**How to complete this task**
Could you print exactly the lines of the listing below, starting at the line that has "荔枝新闻记者今天(10月9日" and ending at the line that has "- Onboarding applications", and only those lines?

**Material to process**
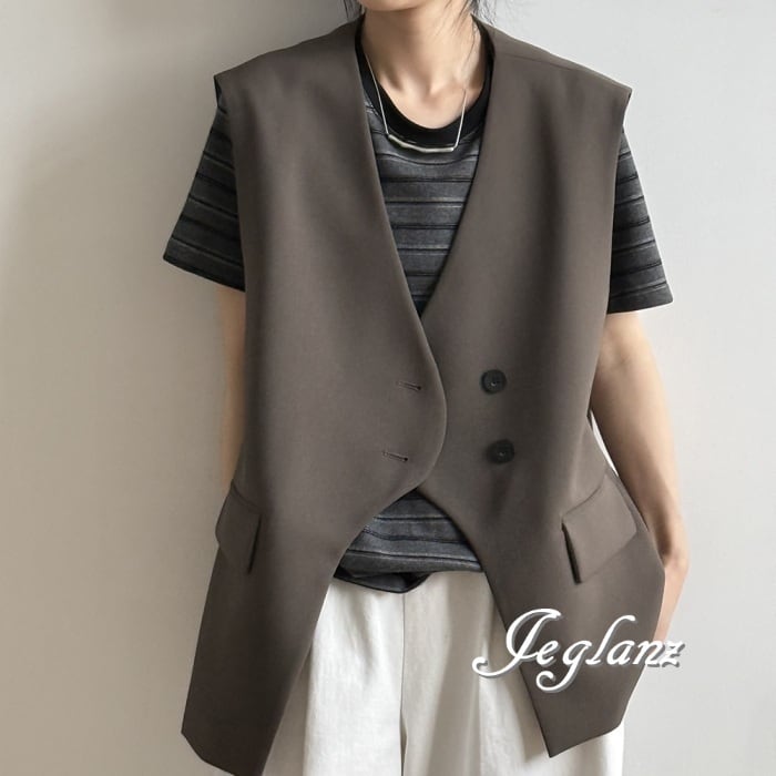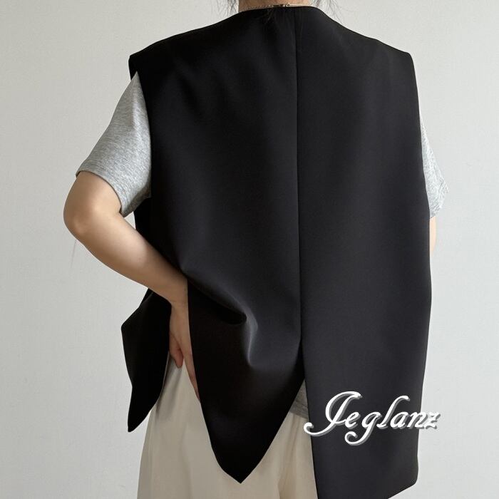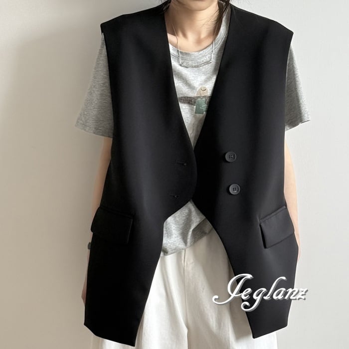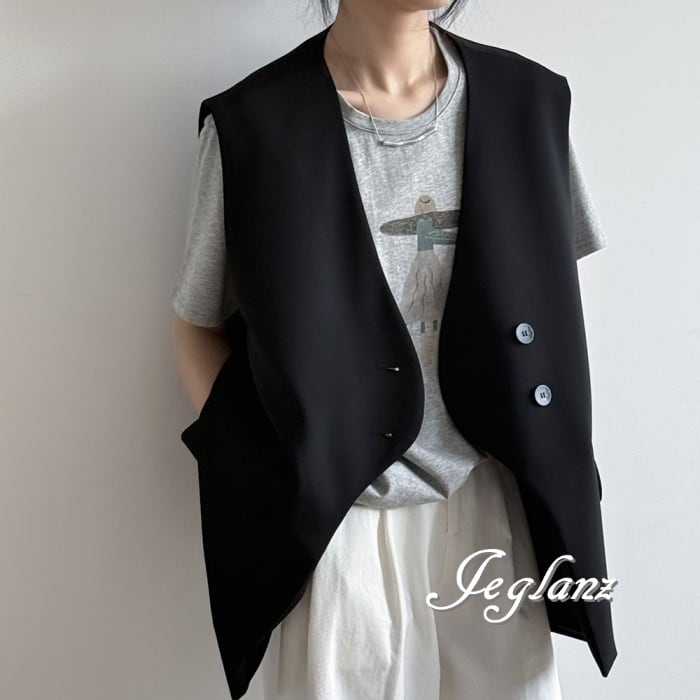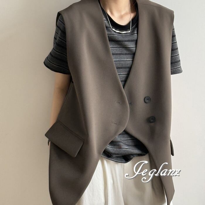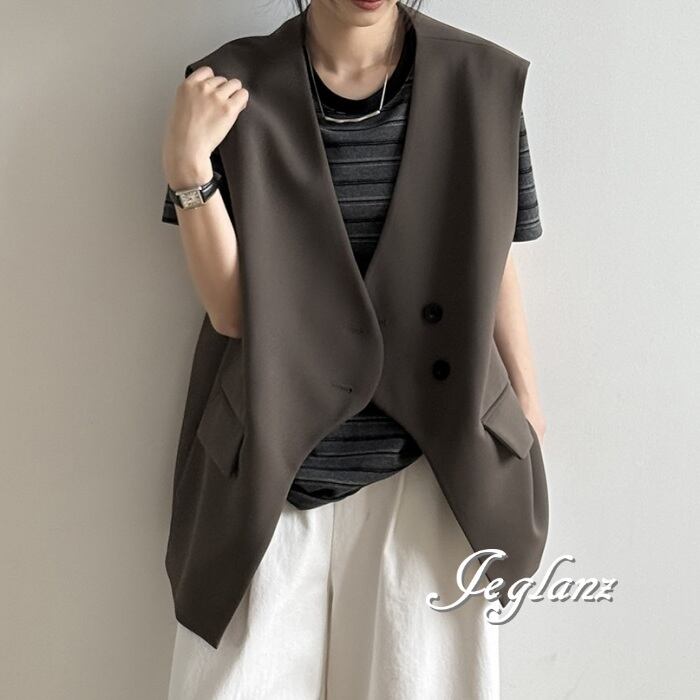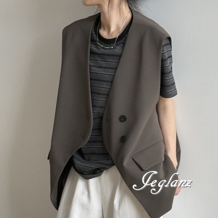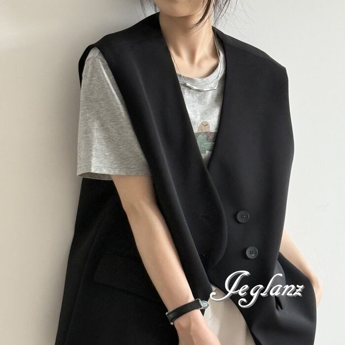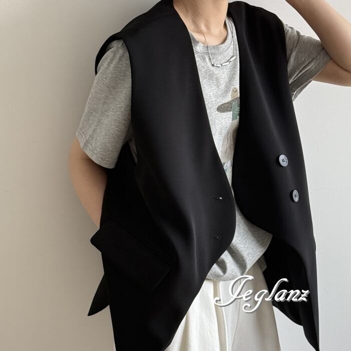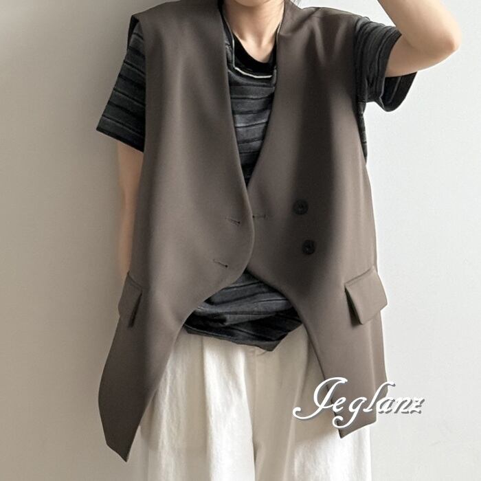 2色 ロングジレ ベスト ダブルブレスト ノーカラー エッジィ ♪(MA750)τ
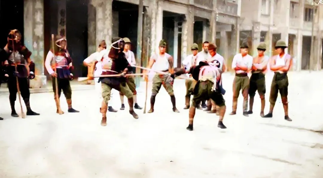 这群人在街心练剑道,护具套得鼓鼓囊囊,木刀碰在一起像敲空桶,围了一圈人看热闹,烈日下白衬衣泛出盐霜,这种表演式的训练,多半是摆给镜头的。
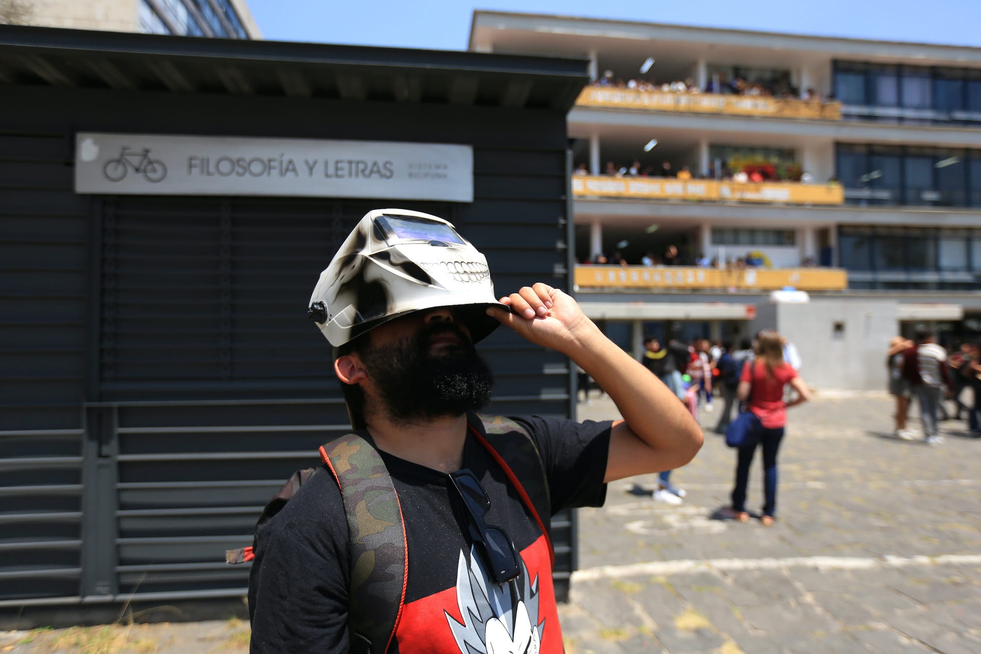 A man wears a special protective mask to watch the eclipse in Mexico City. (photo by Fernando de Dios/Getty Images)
==
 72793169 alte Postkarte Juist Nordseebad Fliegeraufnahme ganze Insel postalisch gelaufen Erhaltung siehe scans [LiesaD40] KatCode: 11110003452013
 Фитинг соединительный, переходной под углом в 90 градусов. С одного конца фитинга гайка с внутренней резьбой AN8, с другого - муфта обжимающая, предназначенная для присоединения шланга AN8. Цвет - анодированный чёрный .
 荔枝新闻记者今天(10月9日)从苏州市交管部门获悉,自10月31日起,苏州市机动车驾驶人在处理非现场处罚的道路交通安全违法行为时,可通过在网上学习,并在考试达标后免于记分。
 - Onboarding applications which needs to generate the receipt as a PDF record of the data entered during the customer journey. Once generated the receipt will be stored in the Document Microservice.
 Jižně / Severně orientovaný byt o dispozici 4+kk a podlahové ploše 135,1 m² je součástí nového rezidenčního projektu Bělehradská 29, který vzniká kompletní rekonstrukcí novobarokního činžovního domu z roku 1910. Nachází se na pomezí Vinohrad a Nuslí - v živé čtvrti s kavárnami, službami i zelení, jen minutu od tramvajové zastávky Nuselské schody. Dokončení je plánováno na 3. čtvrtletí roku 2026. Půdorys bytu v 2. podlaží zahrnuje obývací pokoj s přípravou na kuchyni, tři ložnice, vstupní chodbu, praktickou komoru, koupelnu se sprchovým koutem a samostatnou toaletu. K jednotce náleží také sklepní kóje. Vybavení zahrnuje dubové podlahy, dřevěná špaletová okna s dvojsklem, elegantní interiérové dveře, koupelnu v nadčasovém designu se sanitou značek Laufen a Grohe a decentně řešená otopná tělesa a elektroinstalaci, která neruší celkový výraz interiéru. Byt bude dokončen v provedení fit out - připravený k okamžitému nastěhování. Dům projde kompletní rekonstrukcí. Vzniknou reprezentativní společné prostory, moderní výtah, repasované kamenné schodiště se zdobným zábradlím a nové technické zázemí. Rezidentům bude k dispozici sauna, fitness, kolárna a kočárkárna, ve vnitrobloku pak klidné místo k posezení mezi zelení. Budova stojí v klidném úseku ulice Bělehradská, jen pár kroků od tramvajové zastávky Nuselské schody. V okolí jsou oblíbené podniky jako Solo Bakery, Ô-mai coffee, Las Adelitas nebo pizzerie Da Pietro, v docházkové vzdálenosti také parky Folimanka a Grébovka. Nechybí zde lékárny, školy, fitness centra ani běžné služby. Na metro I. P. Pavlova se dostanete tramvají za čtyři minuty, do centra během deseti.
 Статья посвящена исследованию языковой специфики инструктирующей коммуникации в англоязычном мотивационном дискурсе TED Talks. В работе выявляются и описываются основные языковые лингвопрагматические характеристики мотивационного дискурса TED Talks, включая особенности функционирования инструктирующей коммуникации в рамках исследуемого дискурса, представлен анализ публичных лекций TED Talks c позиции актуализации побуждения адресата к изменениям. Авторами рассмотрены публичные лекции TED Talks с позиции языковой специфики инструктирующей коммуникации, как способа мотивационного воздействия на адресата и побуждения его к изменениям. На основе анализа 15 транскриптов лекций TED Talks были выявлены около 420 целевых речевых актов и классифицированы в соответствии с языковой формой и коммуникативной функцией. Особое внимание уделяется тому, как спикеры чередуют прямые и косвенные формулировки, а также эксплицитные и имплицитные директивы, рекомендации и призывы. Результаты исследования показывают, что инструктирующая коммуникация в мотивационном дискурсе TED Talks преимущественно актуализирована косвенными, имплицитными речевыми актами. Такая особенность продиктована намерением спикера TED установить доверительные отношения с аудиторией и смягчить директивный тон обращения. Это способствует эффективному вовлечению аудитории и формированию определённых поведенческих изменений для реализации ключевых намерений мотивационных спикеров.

**Written solution**
 荔枝新闻记者今天(10月9日)从苏州市交管部门获悉,自10月31日起,苏州市机动车驾驶人在处理非现场处罚的道路交通安全违法行为时,可通过在网上学习,并在考试达标后免于记分。
 - Onboarding applications which needs to generate the receipt as a PDF record of the data entered during the customer journey. Once generated the receipt will be stored in the Document Microservice.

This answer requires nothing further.